FIG. 13 is an explanatory diagram of an operating method for determining the refrigerant amount.

FIG. 14 is an explanatory diagram of an operating method for determining the refrigerant amount.

[Explanation of symbols]

40 ... Refrigerant amount determination means, 41 ... Switch, 42 ... Indicator, 43 ... Condenser, 44 ... Expansion valve, 45 ... Evaporator, 46
... Fan, 47 ... Relation table, 48 ... Relation table selection mechanism, 49 ... Relation table reference mechanism, 50 ... Stability determination mechanism, 51 ... Refrigerant amount calculation mechanism, 52 ... Statistical processing mechanism, 5
3 ... storage memory, 54 ... non-determination display mechanism.
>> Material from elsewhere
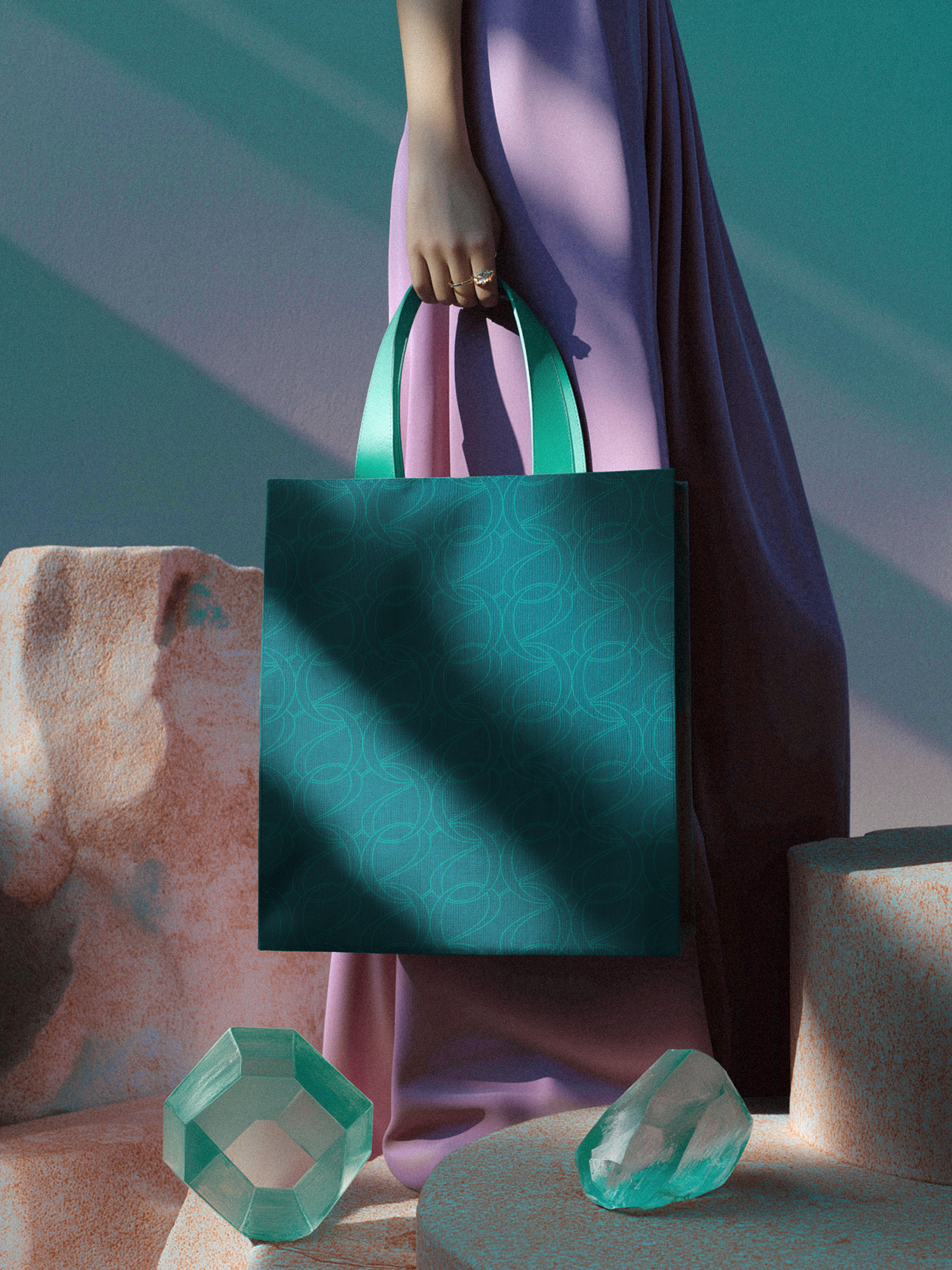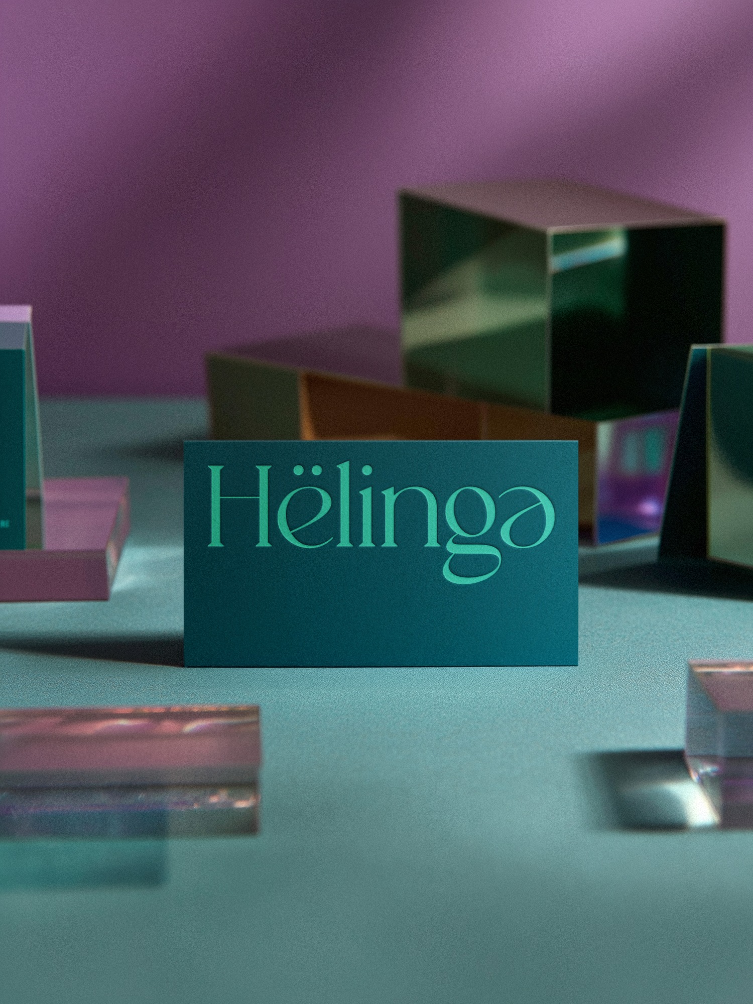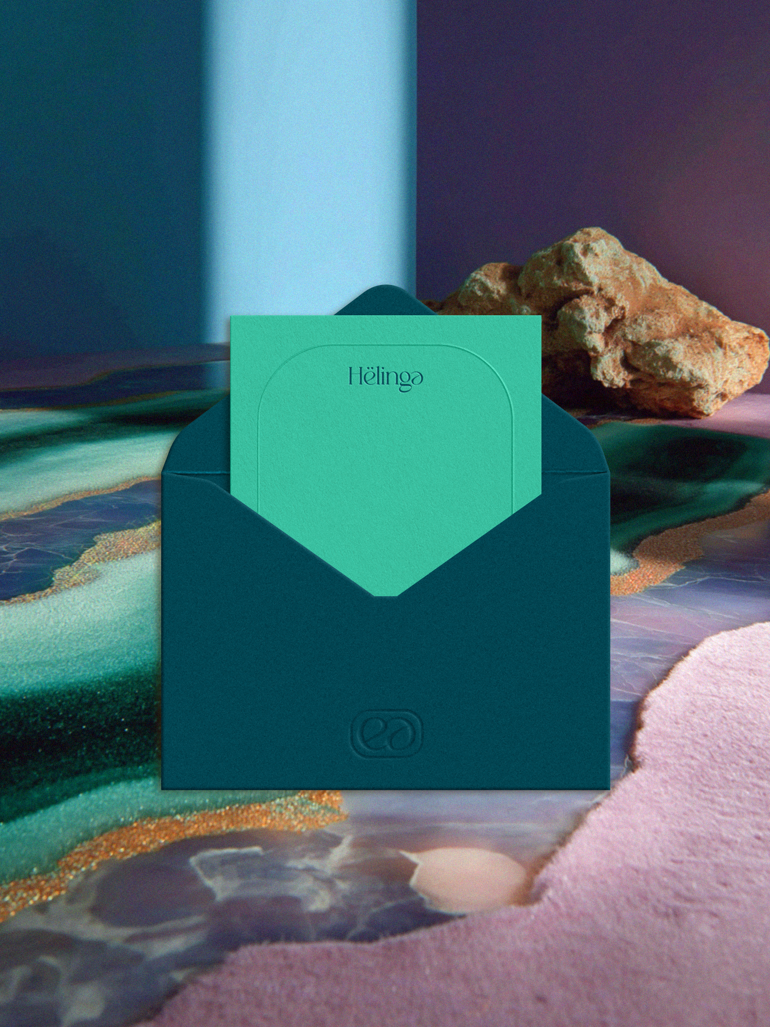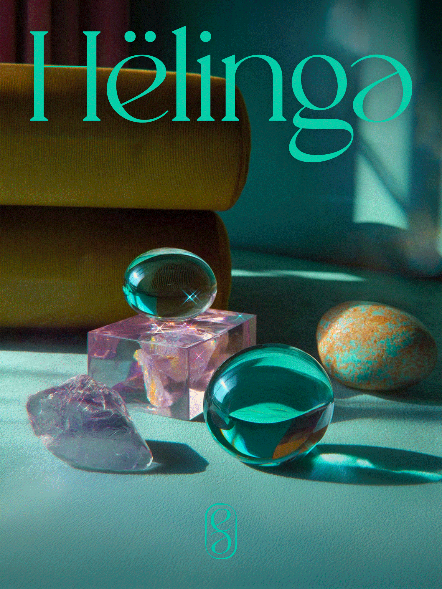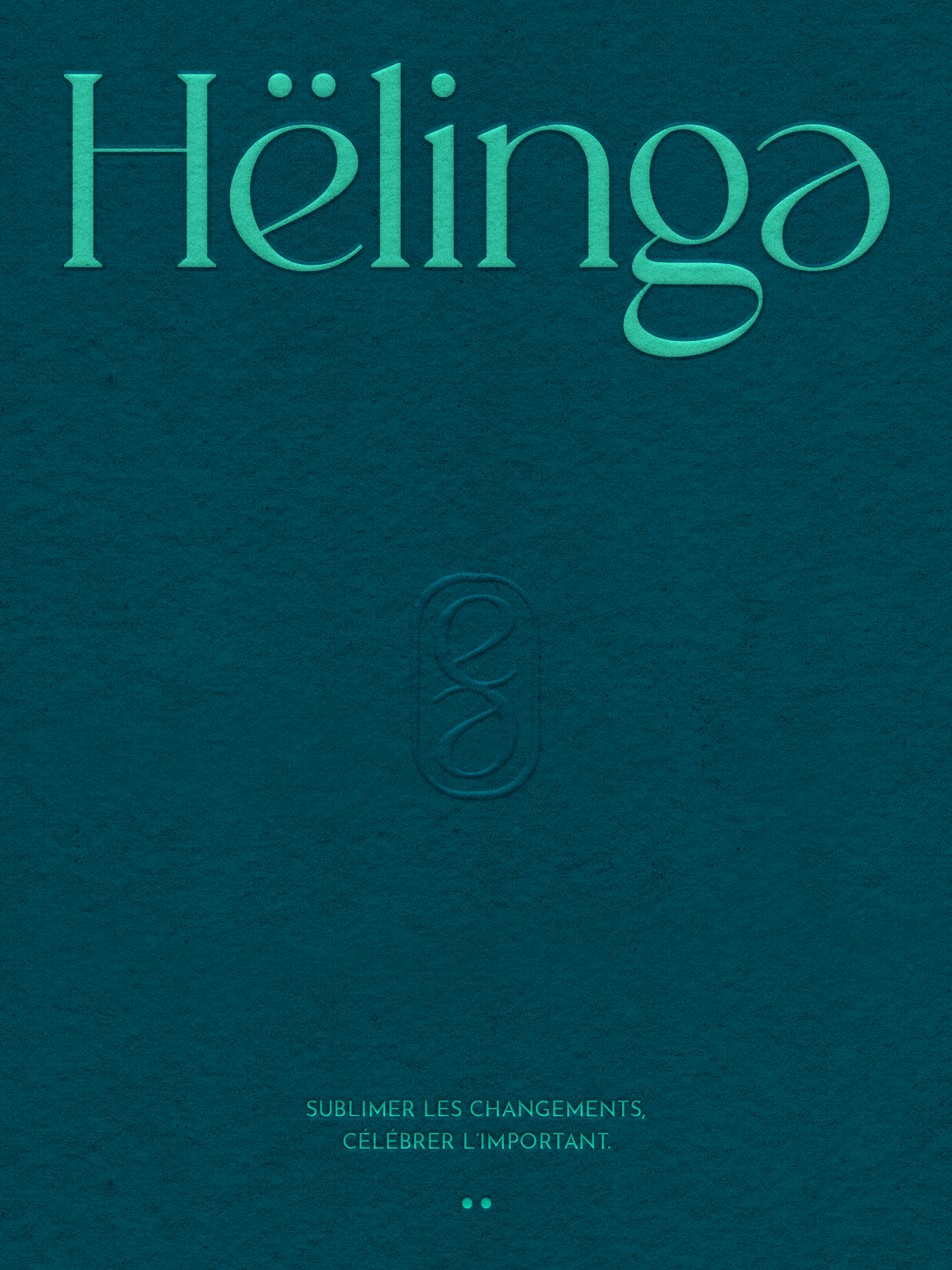 Le logo, avec un A redessiné, symbolise l’entrelacement et la versatilité des créations. Des variantes multi-support, un symbole graphique et un motif Art déco assurent cohérence et singularité sur tous les supports, de l’écrin à l’emballage et au merchandising. La palette s’articule autour du bleu pétrole et du vert menthe, traduisant élégance et modernité, complétés par le lila et le beige, subtils et raffinés. Cet équilibre affirme Hëlinga comme une marque solaire, joyeuse et contemporaine.

 ─────────────────────────────────────────────────── ─── Continued Front Page (72) Inventor Shinichiro Yamada 390 Muramatsu, Shimizu-shi, Shizuoka Hitachi Air Conditioning Systems Division (72) Inventor Kenichi Nakamura 390, Muramatsu Shimizu, Shizuoka Hitachi Air Conditioning Systems Co., Ltd. (72) Inventor Satoru Yoshida 390 Muramatsu, Shimizu City, Shizuoka Prefecture Hitachi, Ltd. Air Conditioning Systems Business Unit

Claims (1)

[Claims] 1. A capacity variable compressor having one outdoor unit and a plurality of indoor units, at least one of which has a variable rotation speed, an outdoor heat exchanger, and an outdoor expansion unit. Valve,
An outdoor fan having a variable rotation speed is provided, and each indoor unit is provided with an indoor heat exchanger, an indoor expansion valve, and an indoor fan having a variable rotation speed. In the multi-chamber air conditioner that constitutes, during heating, the total number of revolutions of the compressor when operating with a proper amount of refrigerant enclosed and the wet-bulb temperature of the intake air of the outdoor heat exchanger or the evaporation temperature of the refrigerant. The relational data of the total appropriate opening degree of the outdoor expansion valve is stored in advance, and the total rotation speed of the compressor at that time and the wet-bulb temperature of the intake air of the outdoor heat exchanger or the evaporation temperature of the refrigerant are stored. Based on the relationship between the total appropriate opening degree of the outdoor expansion valve and the total opening degree of the outdoor expansion valve at that time, and also during cooling, the compressor when operating by enclosing a proper amount of refrigerant. Total speed and indoor heat exchange The relational data of the average wet bulb temperature of the intake air or the average temperature of the blown air and the total appropriate opening of the indoor expansion valve is stored in advance, and the total rotation speed of the compressor at that time and the above Based on the relationship between the average wet bulb temperature of the intake air of the indoor heat exchanger or the average temperature of the blown air, the total appropriate opening of the indoor expansion valve, and the total opening of the indoor expansion valve at that time. ,
A refrigerant amount determination device, which displays whether the ratio of the amount of refrigerant at that time to the amount of appropriate refrigerant or whether the amount of refrigerant at that time is appropriate or unsuitable for the appropriate amount of refrigerant is determined and displayed at predetermined time intervals during a predetermined time.